Why do some tumors spread while others stay local? Scientists still don’t fully understand what controls cancer cells’ ability to metastasize, but answering this question is essential to improving patient care. Researchers at the University of Geneva (UNIGE) studied colon cancer cells and identified key factors that influence whether a tumor has the potential to metastasize. They also revealed specific gene expression patterns that can be used to estimate that risk.
Based on these findings, the team developed an artificial intelligence tool (MangroveGS) that translates these genetic signals into reliable predictions across multiple cancer types. This study cell reportcould lead to more personalized treatments and aid in the discovery of new therapeutic targets.
Cancer as a distorted developmental process
“The origins of cancer are often traced to ‘disorganized cells,'” explains Professor Ariel Ruiz y Altaba of the Department of Medical Genetics and Embryology at UNIGE’s Faculty of Medicine, who led the study. “But cancer should rather be understood as a distorted form of development.” Genetic and epigenetic changes can reactivate biological programs that are normally turned off after early development, ultimately promoting tumor formation.
Cancer is not random and appears to follow structured biological rules. “The challenge, then, is to find the key to understanding its logic and morphology, and in the case of metastases, identifying the characteristics of cells that separate from the tumor to create another tumor elsewhere in the body.”
Tracking metastatic cancer cells
Metastases are the cause of most cancer deaths, especially colon, breast, and lung cancers. By the time cancer cells are detected circulating in the blood or lymph system, the disease has often already begun to spread. Although scientists understand many of the mutations that lead to tumor formation, no single genetic change can explain why some cells move away and others stay in place.
“The challenge is to be able to determine the complete molecular identity of a cell, an analysis that destroys the cell, while still observing the functions that the cell needs to stay alive,” explains Professor Luis y Altaba. To overcome this, researchers isolated, cloned, and grew tumor cells in the lab. “These clones were evaluated in vitro and in mouse models to observe their ability to migrate through real biological filters and generate metastases,” added Arwen Conod.
Genetic signatures associated with cancer prevalence
The research team analyzed the activity of hundreds of genes in about 30 cell clones taken from two primary colon tumors. This revealed distinct gene expression patterns that closely matched each cell’s ability to migrate and spread. Importantly, metastatic potential is not determined by the profile of a single cell, but by how groups of related cancer cells interact.

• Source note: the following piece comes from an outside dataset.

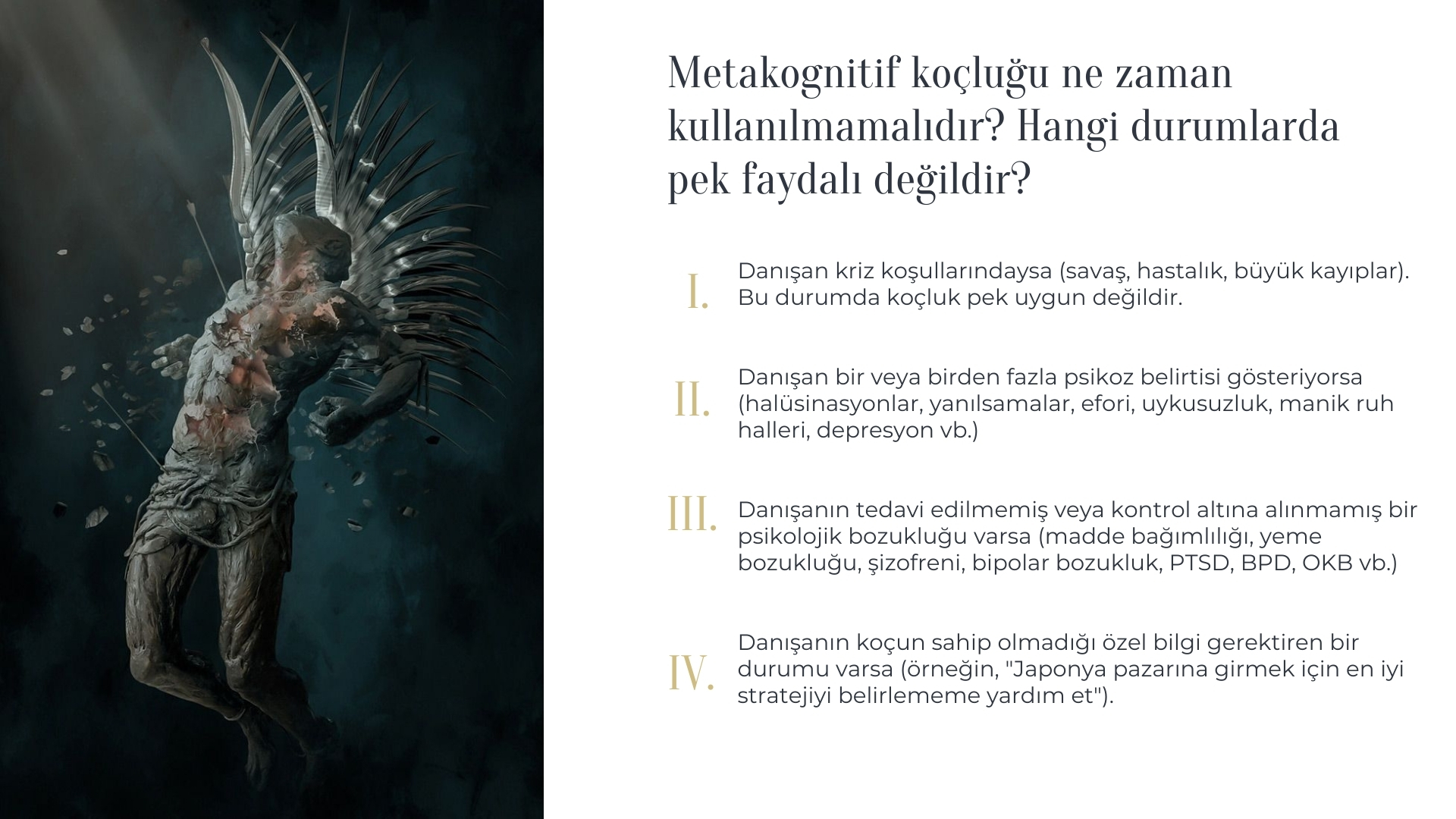 - Psikoterapiden genel olarak temel fark, çalışan müşterilerle çalışmamız ve öğretimde çok fazla uygulama ve doğrudan öneriler sunmamızdır. Koçun temel görevi, becerileri aktarmak ve müşteriyi tolere edilebilir bir hayattan (“0”) daha iyi bir hayata (“+1”) götürmektir. Terapinin amacı ise dayanılmaz bir durumdan (‘’-1’’) sıfır noktasına (‘’0’’) getirip oraya taşımaktır.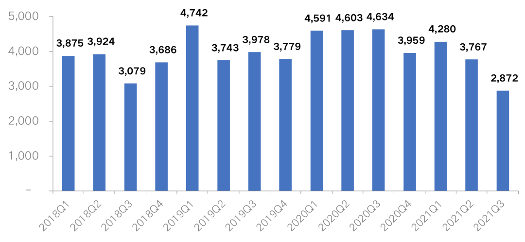 據不完全統計,2021年前9月100家典型房企的融資量為10919億元,同比下降21%。其中,第三季度的融資額為2872億元,同比下降38%,環比下降24%,融資額創2018年以來的最低水平。

AI tools predict metastasis risk
The researchers integrated these genetic signatures into an artificial intelligence system. “The great novelty of our tool, called ‘Mangrove Gene Signatures’ (MangroveGS), is that it leverages dozens or even hundreds of gene signatures, which makes it particularly resilient to individual differences,” explains Aravind Srinivasan.
After training, the model was able to predict metastasis and colon cancer recurrence with almost 80% accuracy, outperforming existing methods. The same gene signature from colon cancer also proved useful in predicting metastatic risk in other cancers, including stomach, lung, and breast cancer.
Aiming for more personalized cancer treatment
MangroveGS can directly process tumor samples collected at hospitals. The cells are analyzed, their RNA sequenced, and a metastasis risk score is rapidly generated and securely shared with doctors and patients through an encrypted platform.
“This information will prevent overtreatment of low-risk patients, thereby limiting side effects and unnecessary costs, while enhancing surveillance and treatment of high-risk patients,” says Ariel Ruiz y Altaba. “It also offers the potential to optimize the selection of participants in clinical trials, reduce the number of volunteers needed, increase the statistical power of studies, and deliver therapeutic benefits to patients who need them most.”